Rep. Dan Moul, a member of the House Tourism and Recreational Development Committee, who voted for the bill, which passed the House 137-44, said, "It's about time the third party booking agents pay the appropriate tax for room rentals. For too long, they have been remitting tax only on the wholesale rates, not what the taxpayer actually has paid. This will help both the local and state destination marketing organizations, while generating additional revenue for the state." State Senator Rich Alloway was one of six state Senators that voted against the bill, which passed the Senate 43-6.
As part of the legislation, the funds that will result from closing the loophole - estimated at $23.8 million a year - will be dedicated to statewide tourism promotion. A 2015 study conducted by the Pennsylvania Restaurant and Lodging Association (PRLA) found that every dollar invested in tourism marketing returns $3.43 in tax revenue.
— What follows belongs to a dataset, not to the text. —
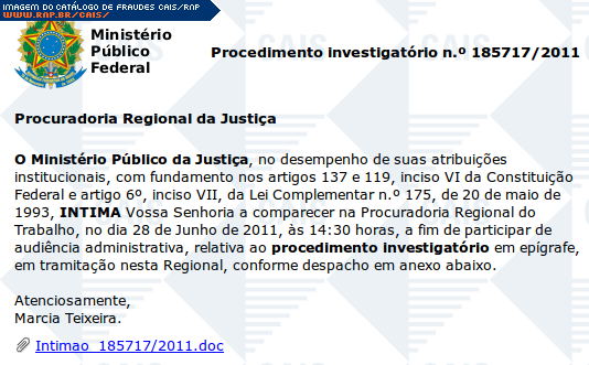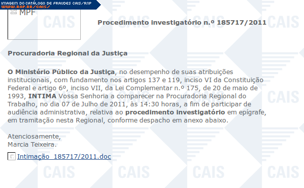 | comentário | Mensagem se passando pela Procuradoria Regional da Justiça e que intima a vítima a comparecer em uma procuradoria regional. Na mensagem há um link com a suposta intimação que na verdade é um código malicioso identificado como: Trojan-Downloader.Win32.Banload.blrb... (leia mais) | |

Norris Flowers, President of Destination Gettysburg said, "Getting the State Tourism office budget back to a somewhat competitive level with our neighbor states will benefit all Pennsylvania destinations." Over the past 14 years, the state tourism office budget had dropped from $34 million to $4 million a year.
Act 109 also ensures that hotel occupancy tax is assessed on retail price of hotel rooms at both the state and county level, further ensuring fairness in collection and remittance while giving county destination marketing organizations like Destination Gettysburg additional resources for promotion.
Thanks to PRLA for championing this legislation on behalf of the state's hospitality and tourism industries.